Trying to understand the question better- are you asking how would
userspace distinguish between bitmap and regular fw registers with
intermixed sequence numbers?
If yes, do you foresee a reason why they 'unaware' registers needed to
be treated differently?
>
> > default:
> > r = 0;
> > }
> > diff --git a/arch/arm64/kvm/hypercalls.c b/arch/arm64/kvm/hypercalls.c
> > index 3c2fcf31ad3d..06243e4670eb 100644
> > --- a/arch/arm64/kvm/hypercalls.c
> > +++ b/arch/arm64/kvm/hypercalls.c
> > @@ -58,6 +58,29 @@ static void kvm_ptp_get_time(struct kvm_vcpu *vcpu, u64 *val)
> > val[3] = lower_32_bits(cycles);
> > }
> >
> > +static bool kvm_arm_fw_reg_feat_enabled(u64 reg_bmap, u64 feat_bit)
> > +{
> > + return reg_bmap & feat_bit;
> > +}
> > +
> > +bool kvm_hvc_call_supported(struct kvm_vcpu *vcpu, u32 func_id)
> > +{
> > + struct kvm_hvc_desc *hvc_desc = &vcpu->kvm->arch.hvc_desc;
> > +
> > + switch (func_id) {
> > + case ARM_SMCCC_TRNG_VERSION:
> > + case ARM_SMCCC_TRNG_FEATURES:
> > + case ARM_SMCCC_TRNG_GET_UUID:
> > + case ARM_SMCCC_TRNG_RND32:
> > + case ARM_SMCCC_TRNG_RND64:
> > + return kvm_arm_fw_reg_feat_enabled(hvc_desc->hvc_std_bmap,
> > + KVM_REG_ARM_STD_BIT_TRNG_V1_0);
> > + default:
> > + /* By default, allow the services that aren't listed here */
> > + return true;
> > + }
> > +}
>
> kvm_hvc_call_supported() could return true even for @func_id that
> kvm_hvc_call_handler() returns -EINVAL for. Is this behavior what
> you really want ?
Yes. My idea was to let kvm_hvc_call_supported() check for the
support, while kvm_hvc_call_handler() does the real processing of the
call.

> If so, IMHO the function name might be a bit mis-leading.
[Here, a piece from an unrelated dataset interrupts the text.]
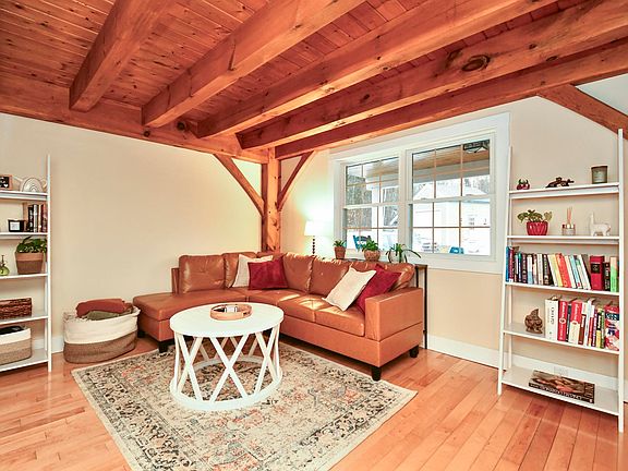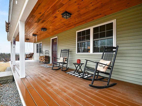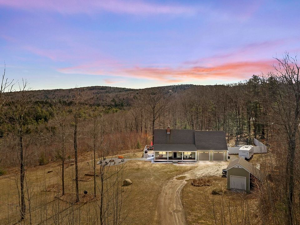 Welcome to your dream mountain retreat! This stunning 3-bedroom, 2.5-bathroom home nestled on a sprawling 16-acre lot offers the perfect blend of rustic charm & modern convenience. The inviting farmer's porch beckons you to unwind & enjoy the serene surroundings. Discover the timeless beauty of post and beam construction, complemented by gleaming HW floors & beamed ceilings throughout the 1st level. Entertain with ease in the open-concept living spaces, including a spacious living room, family room with a wood stove, and a dining area with slider access to the expansive back deck and fenced yard. The well-appointed kitchen boasts granite countertops, breakfast bar & pantry. Completing the main level is a convenient half bath & a mudroom area with access to the attached 2-car garage. Upstairs find 3 generously sized bedrooms, including a shared full bath & a tranquil primary suite w/ its own private bath. Outside, the NEW huge back deck offers the perfect spot for alfresco dining & entertaining while overlooking the New Hampshire hills. A separate oversized drive-through shed w/ storage above provides ample space for all your outdoor equipment & toys. Trails on the property are suitable for hiking and ATV fun! With its picturesque setting, impeccable craftsmanship & abundance of space both inside & out, this gem is sure to WOW! Thanks to all who visited the home. OFFERS DUE MONDAY, MARCH 25 AT 8:00PM

> "kvm_hvc_call_disabled" (and flip the return value)
> might be closer to what it does(?).
>
Sorry, I'm unclear how flipping is helping. Wouldn't we return 'false'
if we don't have a case for the func_id, indicating it's NOT disabled,
but kvm_hvc_call_handler() can still return SMCCC_RET_NOT_SUPPORTED?
>
> > +
> > int kvm_hvc_call_handler(struct kvm_vcpu *vcpu)
> > {
> > u32 func_id = smccc_get_function(vcpu);
> > @@ -65,6 +88,9 @@ int kvm_hvc_call_handler(struct kvm_vcpu *vcpu)
> > u32 feature;
> > gpa_t gpa;
> >
> > + if (!kvm_hvc_call_supported(vcpu, func_id))
> > + goto out;
> > +
> > switch (func_id) {
> > case ARM_SMCCC_VERSION_FUNC_ID:
> > val[0] = ARM_SMCCC_VERSION_1_1;
> > @@ -143,6 +169,7 @@ int kvm_hvc_call_handler(struct kvm_vcpu *vcpu)
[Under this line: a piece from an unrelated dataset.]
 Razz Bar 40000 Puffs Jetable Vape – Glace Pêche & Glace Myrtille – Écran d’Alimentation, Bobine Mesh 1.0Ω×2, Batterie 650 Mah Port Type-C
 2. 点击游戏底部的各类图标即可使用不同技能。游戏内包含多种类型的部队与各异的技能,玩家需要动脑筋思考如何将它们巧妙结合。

> > return kvm_psci_call(vcpu);
> > }
> >
> > +out:
> > smccc_set_retval(vcpu, val[0], val[1], val[2], val[3]);
> > return 1;
> > }
> > @@ -153,9 +180,25 @@ static const u64 kvm_arm_fw_reg_ids[] = {
> > KVM_REG_ARM_SMCCC_ARCH_WORKAROUND_2,
> > };
> >
> > +static const u64 kvm_arm_fw_reg_bmap_ids[] = {
> > + KVM_REG_ARM_STD_BMAP,
> > +};
> > +
> > +void kvm_arm_init_hypercalls(struct kvm *kvm)
> > +{
> > + struct kvm_hvc_desc *hvc_desc = &kvm->arch.hvc_desc;
> > +
> > + hvc_desc->hvc_std_bmap = ARM_SMCCC_STD_FEATURES;
> > +}
> > +
> > +int kvm_arm_num_fw_bmap_regs(void)
> > +{
> > + return ARRAY_SIZE(kvm_arm_fw_reg_bmap_ids);
> > +}
> > +
> > int kvm_arm_get_fw_num_regs(struct kvm_vcpu *vcpu)
> > {
> > - return ARRAY_SIZE(kvm_arm_fw_reg_ids);
> > + return ARRAY_SIZE(kvm_arm_fw_reg_ids) + kvm_arm_num_fw_bmap_regs();
> > }
> >
> > int kvm_arm_copy_fw_reg_indices(struct kvm_vcpu *vcpu, u64 __user *uindices)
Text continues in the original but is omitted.